Voice control is the future. Just like touch-screen technology revolutionized smartphones, and the ability to use gestures launched new gaming and fitness applications, the possibilities for hands-free operation is just beginning. This new interface will not only influence smartphones and tablets it will become part of the user experience for TV’s and other electronic devices.
The increased availability of voice control applications can be attributed to a number of factors: Advances in ASR (automatic speech recognition), cloud computing that enables very high processing power with more robust and reliable algorithms, noise cancellation that reduces ambient noise and language processing technologies.
However, while ASR-enabled applications work well in quiet environments, their performance tends to degrade drastically in the presence of background noise in noisy cafés, on public transportation or even when walking on a busy street. Without intelligible speech, automatic voice recognition can’t function properly or be considered as a reliable input device.
Three-dimensional voice processing enables ASR to achieve far better accuracy by suppressing background noise while preserving the natural voice of the speaker with only minor distortion. The degradation is so minor that the user experience is hardly affected when operating applications such as Siri or a text message dictation application in noisy public venues.
How 3D processing works
Traditional noise cancellation suffers from trade-offs between the degree of noise reduction and voice quality: the higher the noise reduction levels, the greater the potential for voice distortion. Attempting to minimize the trade-offs, engineers have developed noise reduction algorithms to reduce the amount of noise which perform well mainly in stationary noise and poor performance in non-stationary noise such as street noise and similar other noises.

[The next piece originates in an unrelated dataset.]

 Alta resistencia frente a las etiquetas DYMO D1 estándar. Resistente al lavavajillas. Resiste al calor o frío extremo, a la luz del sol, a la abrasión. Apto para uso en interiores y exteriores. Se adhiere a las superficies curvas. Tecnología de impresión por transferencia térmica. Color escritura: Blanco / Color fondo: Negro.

Noise cancellation technique took a leap forward with the introduction of a second microphone in smartphones, enabling both microphones to operate in similar manner to the human auditory system. However, this capability does not provide sufficient noise cancellation to eliminate all background noise for voice calls or voice control, while driving or riding on public transportation, or even at home when, for instance, music is turned up loud.
Advanced noise-cancellation technology uses an additional sensor in addition to the standard two audio microphones, and then applies a 3D-vocal algorithm to perform multiple voice processing tasks including background noise cancellation, loudness equalization and general voice enhancement. Removing background noise significantly improves the accuracy rate of automatic speech recognition and voice-call applications for smartphones, tablets and other mobile devices.

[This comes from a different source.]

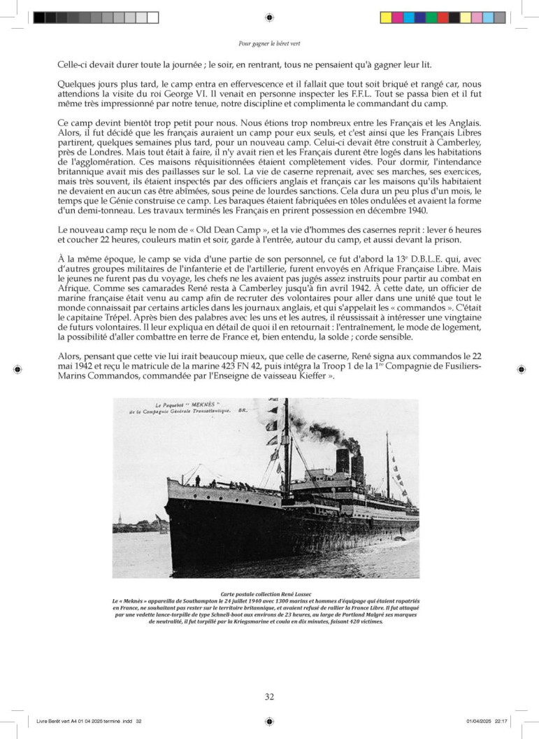 Ce livre relate comment, parfois au prix de leurs vies, de jeunes français refusèrent la défaite et surtout l’odieux armistice du 22 juin 1940. Certains de ces futurs commandos qui subirent l’oppression allemande, puis les brimades et les mensonges de la propagande de Vichy décidèrent de quitter la France parfois en désertant de la Marine Nationale par exemple. Ces hommes, épris de liberté et de patriotisme qui se trouvaient en France choisirent de rallier l’Angleterre ou l’Afrique du Nord en passant par l’Espagne franquiste où ils furent internés plus ou moins longuement au sinistre camp de Miranda de Ebro. Sur l’ensemble de l’armée française, seul un très petit nombre de soldats rallièrent les forces libres, comme ces marins qui désertèrent du cuirassé français Richelieu en refonte aux États-Unis ou ceux de l’escadre des Antilles françaises pourtant commandée d’une main de fer par l’amiral Rober, haut-commissaire, resté fidèle jusqu’au bout à Pétain et à son gouvernement. Dès leur arrivée sur le sol britannique, ils furent emprisonnés pour interrogatoire dans les locaux du Patriotique School à Londres. Cette façon de faire permettait de détecter les éventuels espions de Vichy ou du Reich. Une fois cette épreuve passée, les évadés choisissaient dans quelle arme ils souhaitaient servir. Il était fréquent que les plus jeunes, moins de 18 ans, choisissent la Marine de guerre. Pour d’autres, ce fut les parachutistes et les commandos, pensant qu’au moment du débarquement, ils seraient les premiers libérateurs de la patrie. Ceux qui s’orientèrent sur ces unités d’élites participèrent à l’opération Overlord et débarquèrent le 6 juin 1944 sur la plage de Colleville-sur-Orne, devenu Colleville-Montgomery par décret du 14 juin 1946. Ce sont tous ces témoignages exceptionnels qui ont été réunis dans cet ouvrage de 200 pages comportant des photos, illustrations ainsi que des plans expliquant précisément leurs cheminements vers le combat pour la libération de leur pays. Ces hommes appartenaient pour la plupart, au 1er bataillon de fusiliers marins commando, qui, plus tard, donna naissance à la force maritime des fusiliers marins et commandos.

An example of how the advanced noise cancellation affects the noisy speech is shown in Figure 1.The upper waveform illustrates the noisy speech which is the superposition of speech and ambient noise (S+N), while the lower waveform shows the clean resulting speech signal after 3D voice processing.
Figure 1: Typical 3D voice processing results on speech and ambient noise
Figure 2 shows a spectrogram, where the upper graph presents the spectrogram of the noisy speech S+N, the lower spectrogram shows the resulting speech signal after 3D voice processing.

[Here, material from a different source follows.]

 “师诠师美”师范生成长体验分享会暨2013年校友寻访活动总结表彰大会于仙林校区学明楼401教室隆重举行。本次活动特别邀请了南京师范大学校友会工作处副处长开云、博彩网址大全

Figure 2: Spectrogram of 3D processing on speech and ambient noise
Improved quality for voice communication application by using 3D voice processing
By incorporating the advanced noise cancellation capabilities into smartphones for voice communication, the voice quality can be significantly improved from “poor” to “very good.”
The audio quality of 3D voice processing was compared with standard 2D noise cancellation techniques using the ETSI EG 202 396-1 standard, which defines a method to test quality of noise reduction algorithms objectively. The scale for general quality (GMOS), is on a sliding scale of 1 to 5, with 1 being “bad” and 5 being “excellent.”
Voice quality was compared according to the MOS scores using a standard smartphone with built-in 2D process in different types of noisy environments. As shown in figure 3, the score of the 3D voice processing significantly higher than the standard 2D voice processing.
Figure 3: GMOS as a function of noise type for 3D voice processing and standard 2D voice processing
3D voice processing value added
Third-dimensional voice processing provides a variety of benefit to consumers in addition to improved voice control. It takes the strain out of hearing, being heard and understood in any surroundings when speaking directly in the microphone and in speaker mode. Conference calls can be taken on-the-go, in an office or in a noisy public venue without compromising voice quality or intelligibility. Background sound replacement, with music or other sounds, can provide a potential revenue generator for operators with new services that could be available at a premium like ring tones.
For safely and convenience reasons, hands-free operation will often be the first choice with consumers. And yet voice control is just beginning to see its true potential. Test results indicate that 3D voice processing can significantly improve the reliability and usability of voice control enabling it to become a valuable differentiator. With the latest technology the additional benefits can be realized by consumers while enabling operators and consumer electronics manufacturers to also experience a new series of revenue generating products and services.